» **RECORDS FOR THE TASK**
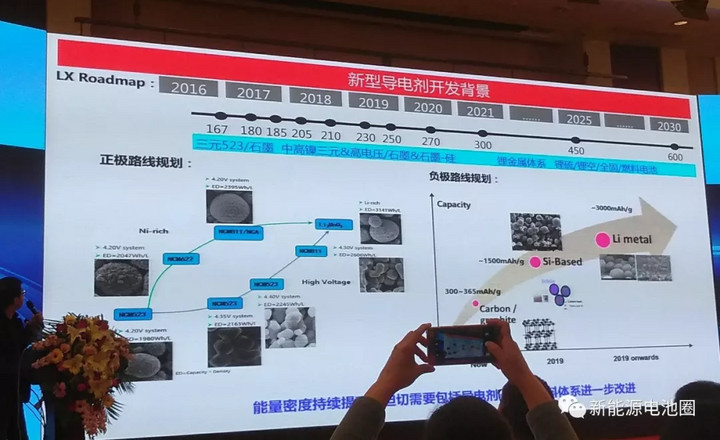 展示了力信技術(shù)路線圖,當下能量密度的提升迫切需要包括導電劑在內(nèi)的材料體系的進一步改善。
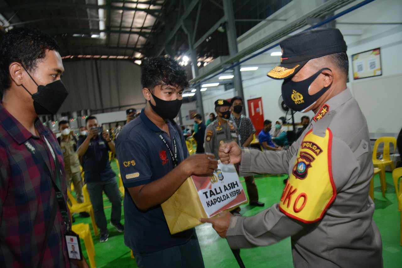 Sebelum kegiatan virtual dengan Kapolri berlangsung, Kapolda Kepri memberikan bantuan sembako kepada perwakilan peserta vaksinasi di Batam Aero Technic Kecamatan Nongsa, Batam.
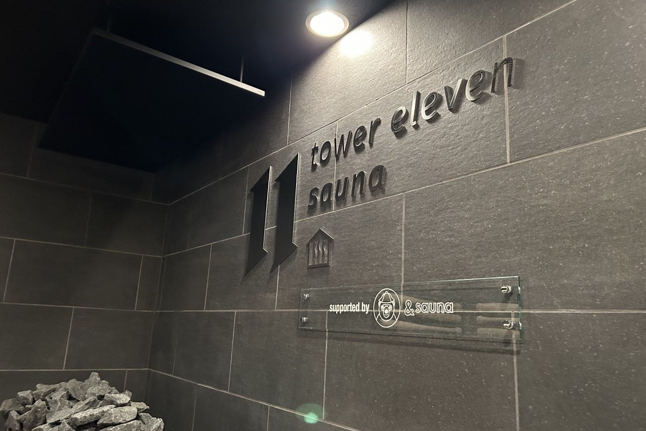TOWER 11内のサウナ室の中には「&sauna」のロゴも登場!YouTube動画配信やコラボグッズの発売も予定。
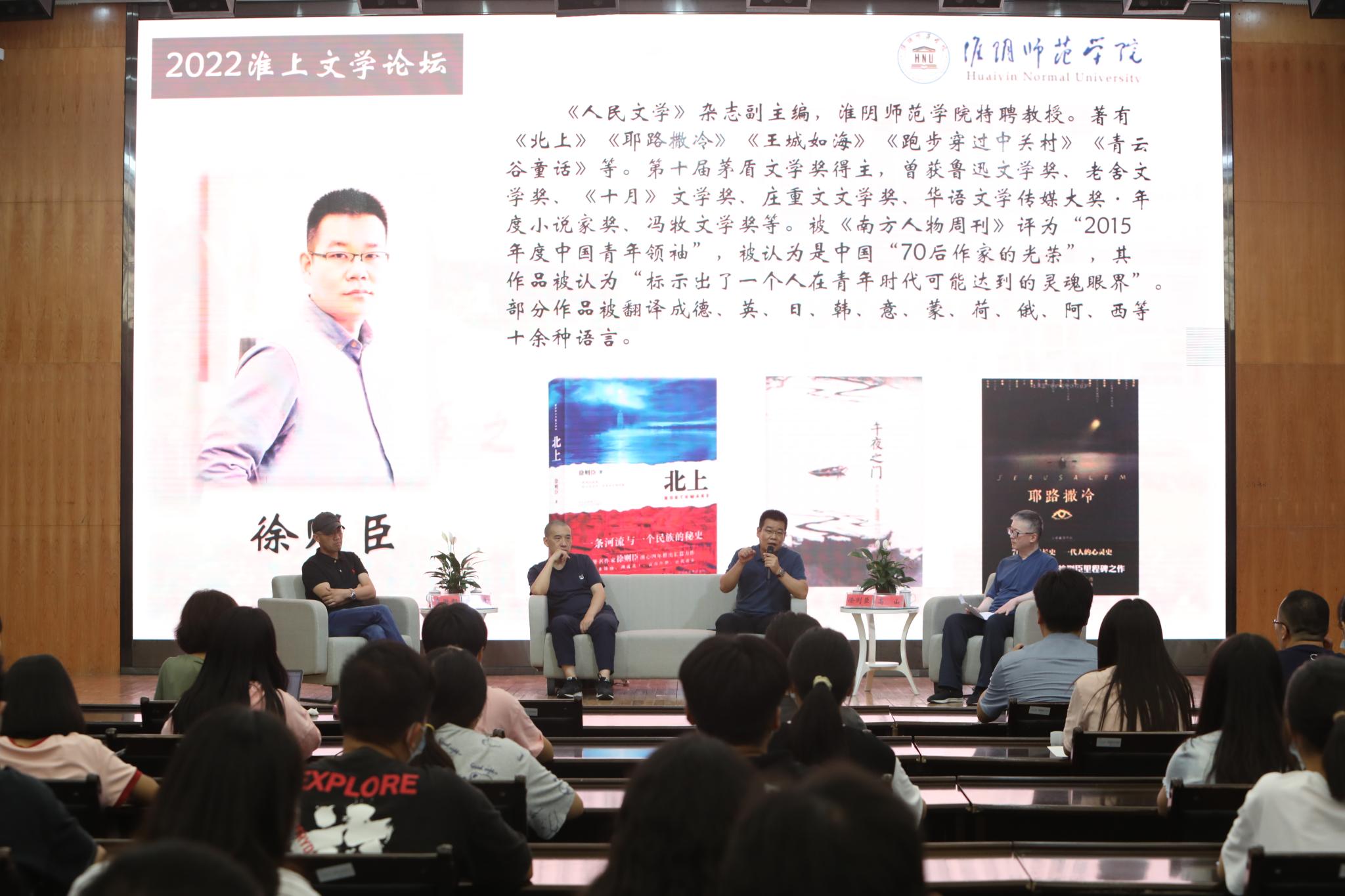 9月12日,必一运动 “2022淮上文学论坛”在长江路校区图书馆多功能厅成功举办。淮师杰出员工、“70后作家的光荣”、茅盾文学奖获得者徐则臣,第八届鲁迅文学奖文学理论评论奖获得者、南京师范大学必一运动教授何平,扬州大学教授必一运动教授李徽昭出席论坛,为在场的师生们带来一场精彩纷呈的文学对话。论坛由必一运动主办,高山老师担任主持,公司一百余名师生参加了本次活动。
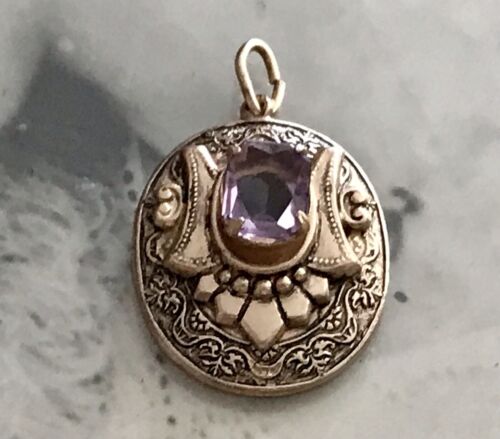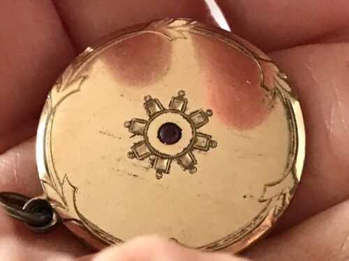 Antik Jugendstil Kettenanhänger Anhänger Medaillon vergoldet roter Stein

» **HOW TO COMPLETE THIS TASK**
Give the records again exactly, pictures left out.

» **RESPONSE TO THE TASK**
 展示了力信技術(shù)路線圖,當下能量密度的提升迫切需要包括導電劑在內(nèi)的材料體系的進一步改善。
 Sebelum kegiatan virtual dengan Kapolri berlangsung, Kapolda Kepri memberikan bantuan sembako kepada perwakilan peserta vaksinasi di Batam Aero Technic Kecamatan Nongsa, Batam.
TOWER 11内のサウナ室の中には「&sauna」のロゴも登場!YouTube動画配信やコラボグッズの発売も予定。
 9月12日,必一运动 “2022淮上文学论坛”在长江路校区图书馆多功能厅成功举办。淮师杰出员工、“70后作家的光荣”、茅盾文学奖获得者徐则臣,第八届鲁迅文学奖文学理论评论奖获得者、南京师范大学必一运动教授何平,扬州大学教授必一运动教授李徽昭出席论坛,为在场的师生们带来一场精彩纷呈的文学对话。论坛由必一运动主办,高山老师担任主持,公司一百余名师生参加了本次活动。
 Antik Jugendstil Kettenanhänger Anhänger Medaillon vergoldet roter Stein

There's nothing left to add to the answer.